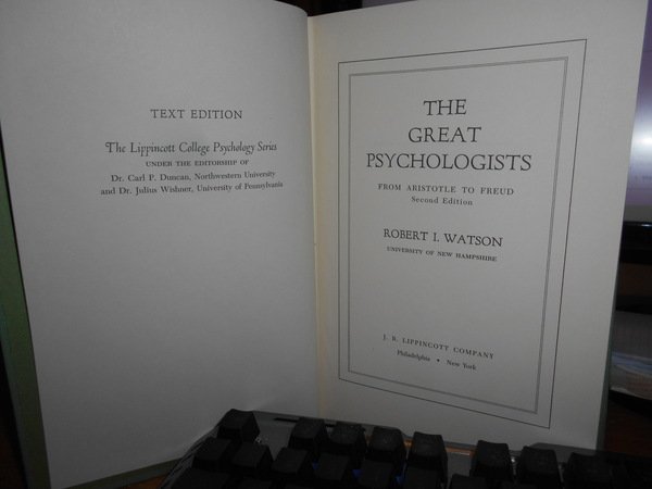 ROBERT I. WATSON. Philadelphia/New York, J.B. Lippincott, 1968. The Great Psychologist from Aristotele to Freud. In-8°, tela con titoli al dorso e sul piano. xiv, 613 pp. Come nuovo. Uff. C - IV - 2
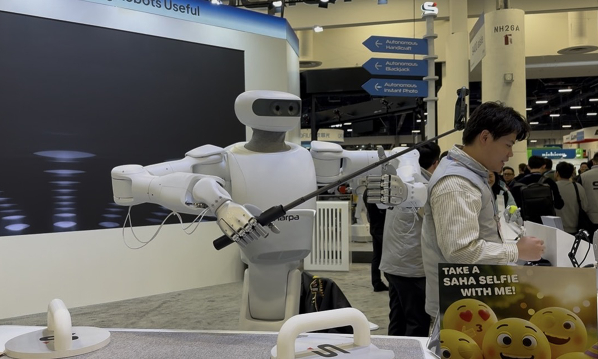 CES 개막일인 6일(현지시간) 미국 네바다주 라스베이거스 컨벤션센터(LVCC) 샤르파 부스에서 샤르파 로봇이 셀카를 찍고 있다. 라스베이거스=유지혜 기자 한국은 산업통상부 주도로 ‘휴머노이드 맥스 얼라이언스’ 공동관을 꾸리고 로봇 전문 기업들을 한데 모아 눈길을 끌었다. 젠슨 황 엔비디아 최고경영자(CEO)의 이번 CES 기조연설 인트로 영상에 등장한 에이로봇의 휴머노이드 ‘앨리스’도 여기서 만날 수 있다. 두 발로 걷는 ‘앨리스4’가 컨베이어 벨트에서 물건을 꺼내 올려두면 바퀴가 달린 ‘앨리스M1’은 이를 다른 선반으로 옮기며 작업 현장을 재현했다. 전날 최초 공개된 현대자동차그룹의 휴머노이드 ‘아틀라스’ 시연에도 발걸음이 쏟아졌다. 전시 첫날임에도 3350명가량이 방문했다. 아틀라스는 한쪽에 쌓인 자동차 부품을 반대쪽으로 옮기는 작업을 시연했는데, 앞서 언급한 로봇들보다 움직임이 훨씬 자연스러웠다.
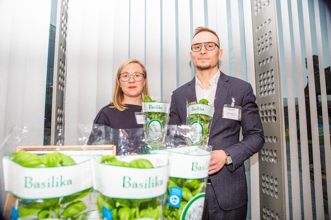 Welmu Internationalin teknologiajohtaja Martta Asikainen ja toimitusjohtaja Jaakko Kaminen esittelivät tiistaina Helsingissä puupohjaista pakkausmateriaaliaan. Ensimmäinen demovaiheen tuote valmistettiin Järvikylä-brändin yrteille. Kuva: Hanna LinnoveMuovilta näyttävä ja käteen tuntuva kalvo kietoutuu monille suomalaisille tutun Järvikylän basilikapuskan ympärille.
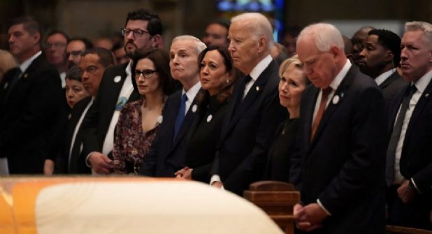Washington, 28 jun (EFE).- El expresidente estadounidense Joe Biden (2021-2025) y la exvicepresidenta Kamala Harris acudieron este sábado al funeral de la legisladora Melissa Hortman y de su esposo, asesinados el pasado 14 de junio.
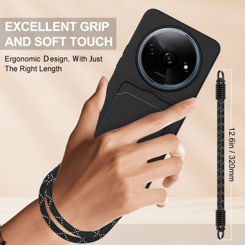 Protege tu Xiaomi Redmi A3 / A3X / Poco C61 con estilo gracias a esta funda de silicona líquida ultrasuave. Con un tarjetero integrado y una colgante de mano extraíble, combina practicidad con una protección óptima para tu dispositivo en el día a día.
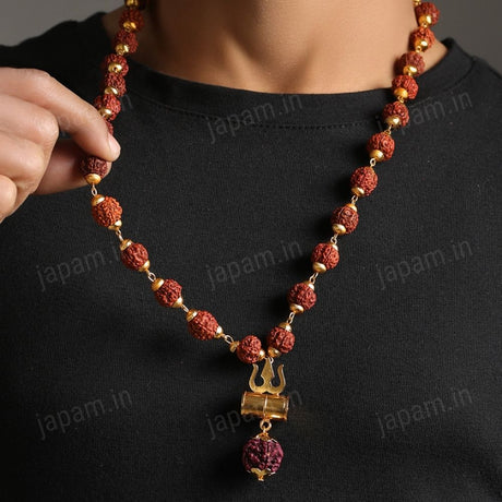 Gold Plated Rudraksha Trishool Necklace
○ ○ ○ ○ ○ ○ ○
[WHAT IS NEEDED]
Skip the pictures. Restate everything else in the records word for word.

[PROBLEM SOLUTION]
 ROBERT I. WATSON. Philadelphia/New York, J.B. Lippincott, 1968. The Great Psychologist from Aristotele to Freud. In-8°, tela con titoli al dorso e sul piano. xiv, 613 pp. Come nuovo. Uff. C - IV - 2
 CES 개막일인 6일(현지시간) 미국 네바다주 라스베이거스 컨벤션센터(LVCC) 샤르파 부스에서 샤르파 로봇이 셀카를 찍고 있다. 라스베이거스=유지혜 기자 한국은 산업통상부 주도로 ‘휴머노이드 맥스 얼라이언스’ 공동관을 꾸리고 로봇 전문 기업들을 한데 모아 눈길을 끌었다. 젠슨 황 엔비디아 최고경영자(CEO)의 이번 CES 기조연설 인트로 영상에 등장한 에이로봇의 휴머노이드 ‘앨리스’도 여기서 만날 수 있다. 두 발로 걷는 ‘앨리스4’가 컨베이어 벨트에서 물건을 꺼내 올려두면 바퀴가 달린 ‘앨리스M1’은 이를 다른 선반으로 옮기며 작업 현장을 재현했다. 전날 최초 공개된 현대자동차그룹의 휴머노이드 ‘아틀라스’ 시연에도 발걸음이 쏟아졌다. 전시 첫날임에도 3350명가량이 방문했다. 아틀라스는 한쪽에 쌓인 자동차 부품을 반대쪽으로 옮기는 작업을 시연했는데, 앞서 언급한 로봇들보다 움직임이 훨씬 자연스러웠다.
 Welmu Internationalin teknologiajohtaja Martta Asikainen ja toimitusjohtaja Jaakko Kaminen esittelivät tiistaina Helsingissä puupohjaista pakkausmateriaaliaan. Ensimmäinen demovaiheen tuote valmistettiin Järvikylä-brändin yrteille. Kuva: Hanna LinnoveMuovilta näyttävä ja käteen tuntuva kalvo kietoutuu monille suomalaisille tutun Järvikylän basilikapuskan ympärille.
Washington, 28 jun (EFE).- El expresidente estadounidense Joe Biden (2021-2025) y la exvicepresidenta Kamala Harris acudieron este sábado al funeral de la legisladora Melissa Hortman y de su esposo, asesinados el pasado 14 de junio.
 Protege tu Xiaomi Redmi A3 / A3X / Poco C61 con estilo gracias a esta funda de silicona líquida ultrasuave. Con un tarjetero integrado y una colgante de mano extraíble, combina practicidad con una protección óptima para tu dispositivo en el día a día.
 Gold Plated Rudraksha Trishool Necklace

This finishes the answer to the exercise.